Furthermore, in this embodiment, after the combustion device is ignited, until the combustion temperature sensor 35 reaches a predetermined temperature at which it is sufficiently heated, the desired air-fuel ratio is obtained according to the signal from the air flow rate detection device 31. The current value I applied to the proportional control valve 44 at
A current value greater than [A] by a certain amount i [A] is applied.

Next, the operation of the combustion control device of the present invention having the above configuration will be explained with reference to FIG.

When the user sets the temperature using the temperature setting means 11 and turns on a water flow switch (not shown), the ignition switch 12 is turned on, and the control circuit 50 is turned on together with the ignition device 26. Then, the ignition device 26 is activated, and the blower 36 supplies air according to the setting of the temperature setting means 11.

Then, in response to a signal from the air flow rate detection device 31, a current value that is i [A] larger than a current value I [A] for obtaining a desired air-fuel ratio is supplied to the proportional control valve 44.

On the other hand, when the operation detection device 21 detects the operation of the ignition device 26, the electromagnetic valve 43 is energized and the gas in the gas pipe 42 passes through the electromagnetic valve 43 and flows into the proportional control valve 44. At this time, the proportional control valve 44 has a current value I [A
] A current value that is i [A] larger than that is applied. Therefore, until the combustion temperature sensor 35 is sufficiently heated, the amount of gas to be supplied is larger than that required to obtain the desired air-fuel ratio according to the signal from the air flow rate detection device 37. Ru. However, at this time, since the burner plate 33 in the combustion box 20 is not sufficiently heated, the fluid resistance of the gas is small and the amount of air supplied is substantially increased. Therefore, even though the control circuit 50 provides more current to the proportional control valve 44, the actual air-fuel ratio can be close to the desired air-fuel ratio.

The air-fuel mixture that has flowed into the combustion box 20 is ignited by the ignition device 26 that is already in operation, and smooth ignition can be performed to achieve a desired air-fuel ratio.

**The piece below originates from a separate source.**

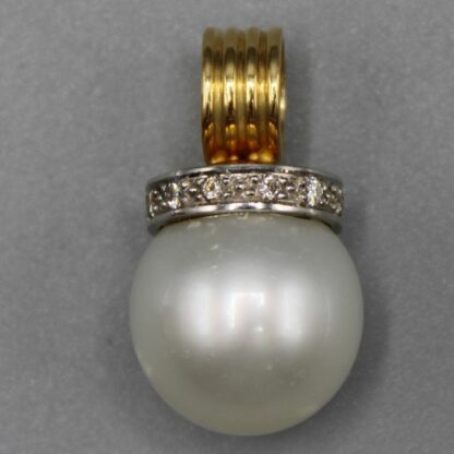 Perlen Ø 14,4 mm, 750 Gold Fassung mit kleinen Diamanten besetzt, 7,7 g
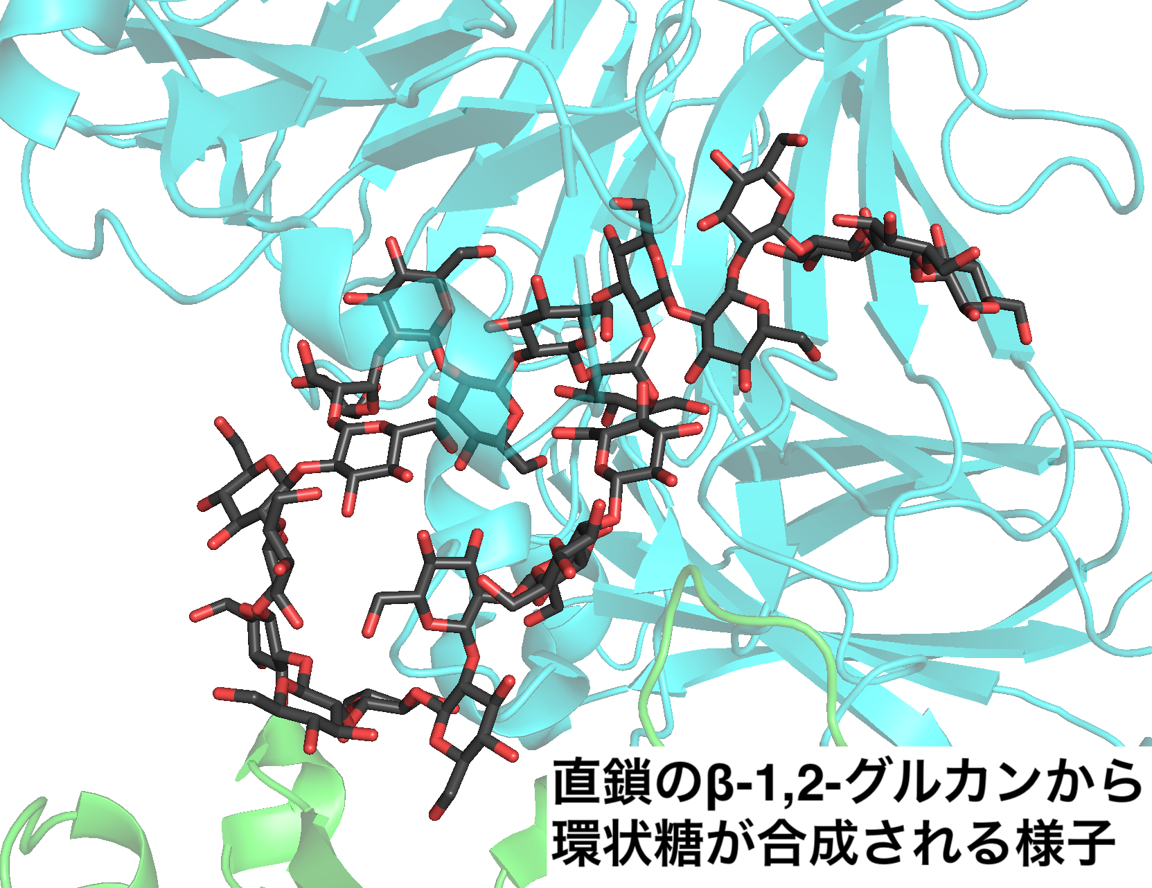 β-1,2-グルカンというおそらく聞いたことがない珍しい糖鎖を材料としています。しかし、これもグルコースからできている糖鎖であり、その点はデンプンや植物細胞壁の主要成分であるセルロースと同じです。生物における最も主要な糖が鎖状になったものでさえよく知らないものがある、これは糖鎖の奥深さを表していると考えています。

After the combustion device is ignited, when the combustion temperature sensor 35 is sufficiently heated, the proportional control valve 44, which had been energized by the control circuit 50 with a current value larger than i[Δ], receives a current value that obtains the desired air-fuel ratio. 1 [A] is energized, and the combustion device continues combustion under control to obtain a desired air-fuel ratio.

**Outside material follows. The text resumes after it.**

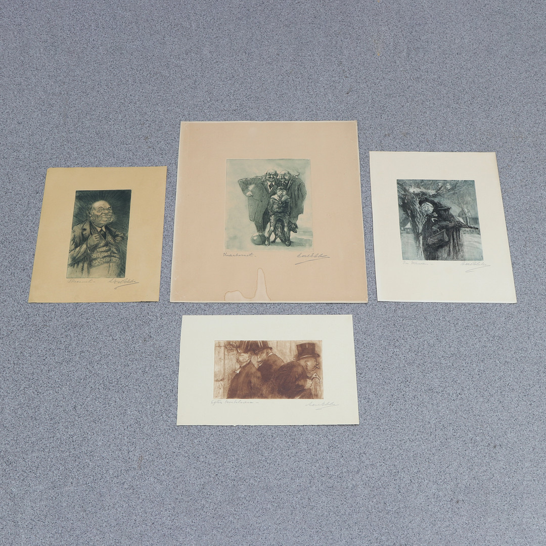 4291289. AXEL EBBE. Ætsninger, 4 stk. Signeret.

In this embodiment, depending on the setting of the temperature setting means 11, the combustion amount may be large or small, but in order to make the air-fuel ratio lower than the desired air-fuel ratio, the current value of the proportional control valve 44 is simply set to i [ The reason why the actual air-fuel ratio is close to the desired air-fuel ratio even though the current is energized by A] is as follows.
The following is explained based on Figure 3.

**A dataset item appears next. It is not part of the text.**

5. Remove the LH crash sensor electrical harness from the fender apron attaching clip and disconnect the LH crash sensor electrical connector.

The air-fuel ratio is determined by the stoichiometric air-fuel ratio depending on the type of fuel, and in a gas combustion apparatus such as the present invention, the air-fuel ratio is generally set to λ, which has a large proportion of fuel.9 In the present invention, the blower 36 is Air is supplied according to the settings of the temperature setting means 11, and the proportional control valve 44 is controlled by the signal from the air blower 1 [detection device 31 to obtain a desired air-fuel ratio λ.

Now, in the combustion apparatus with the control circuit 50 set to the desired air-fuel ratio λ, the rotation speed N of the blower 36 during steady combustion is set to the desired air-fuel ratio λ.
The relationship between the current (2) and the current (2) to the proportional control valve 44 has a linear characteristic, as shown by the solid line A in FIG. The air-fuel ratio λ is represented by the slope of the solid line A. Here, point a indicates the current ■1 to the proportional control valve 44 for the rotation speed N1 of the blower 36 when the set temperature is low, and point a indicates the current to the proportional control valve 44 for the rotation speed N2 of the blower 36 when the set temperature is high. Let b be the point showing the current ■2.

In the combustion apparatus having the above relationship, the relationship between the rotation speed N of the blower 3G and the current I to the proportional control valve 44 when the temperature of the combustion box 20 is still low after ignition is determined by the control circuit 50. Since the current I to increases by i, the third
As shown by the broken line B in the figure, the solid line A is translated in parallel. Then, point C indicating the current ■ to the proportional control valve 44 relative to the rotation speed N1 of the blower 36 is the current value I, +i, and point d indicating the current ■ to the proportional control valve 44 relative to the rotation speed N2 is the current value l2) -H. are required respectively.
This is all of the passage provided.